WTO's Lamy warns of trade impact of stimulus measures
By Jonathan Lynn
Director-General Pascal Lamy said the WTO would hold a special meeting in early spring of next year to examine the effect of those measures on trade and competition.
"In the meantime, exit strategies to unwind them should be transparent and accountable and should not be used as a pretext to discriminate, directly or indirectly, against foreign traders or investors," he said in his annual report to the WTO on the international trading environment.
WTO members will review the report, published on the WTO website last week, on December 9.
Several developing countries have expressed concern that stimulus packages or bailouts for industries like automobiles or banking undertaken by rich and emerging economies amounted to subsidies that poor nations could not afford and which in other times would be open to challenge under WTO rules.

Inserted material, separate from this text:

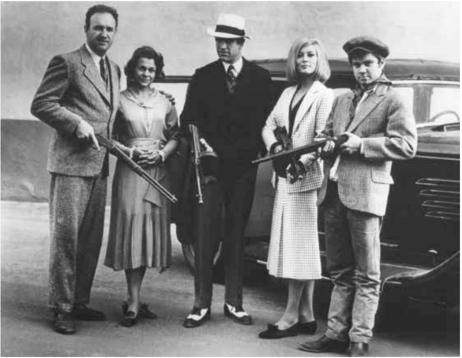
7. Bonnie and Clyde : Using thirties iconography to attack sixties authority. (Gene Hackman, Estelle Parsons, Warren Beatty, Faye Dunaway, Michael J. Pollard)

of 1967 unexpectedly reaped huge benefits from their antiestablishment tone: The Graduate and Bonnie and Clyde . Arthur Penn's flamboyant, affecting, and ultimately tragic saga of a pair of Depression-era gangsters, originally dismissed by reviewers as inconsistent and pointless, not only set new, post- Psycho standards for onscreen violence but helped identify a niche market of American teenagers who had previously had to make do with the likes of Pat Boone and Elvis Presley. Weighing Bonnie and Clyde's amoral killing against their youthful ignorance, the film managed to demonize the same American institutions as the gangster cycle of the thirties – the police, the banks, the law – but this time in metaphoric terms, using a pair of criminals from the thirties to attack the moral injustice of the draft and the violent injustice of the American experience in Vietnam [Fig. 7]. 24

Lamy's report also repeats previous recent warnings of an increase in protectionist pressures generated by global imbalances.
Large trade imbalances, high unemployment and disorderly currency moves had macro-economic causes, he said.
"Restricting trade cannot correct those problems, but it could easily provoke retaliation which would seriously threaten jobs and growth worldwide," Lamy said.
Another danger to international trade was the accumulation of restrictive measures, which since the end of 2008 had grown to cover 1.9 percent of total imports while only 15 percent of measures introduced since the crisis have been removed.
New measures introduced between November 2009 and October 2010 cover around 1.2 percent of world imports, especially in base metals and products, machinery and transport equipment.
Lamy confirmed the WTO's forecast that world trade (measured by export volume) would grow by 13.5 percent this year, despite weaker growth in recent months, with the strongest growth seen in developing countries in Asia.
World trade recovered to pre-crisis levels in the middle of the year following a record 12 percent contraction in 2009.
But economic recovery has not been strong enough to have much impact so far on unemployment levels in many countries, where the consensus in favor of open trade and investment was under strain from high jobless rates, he said.
Despite an improvement in the environment for trade finance since mid-2009, traders in low-income countries, especially Africa, still faced difficulties accessing funds at affordable prices, he said.
New regulatory requirements were also deterring international banks from doing business in these areas, he said in an apparent reference to stricter international banking rules known as Basel III.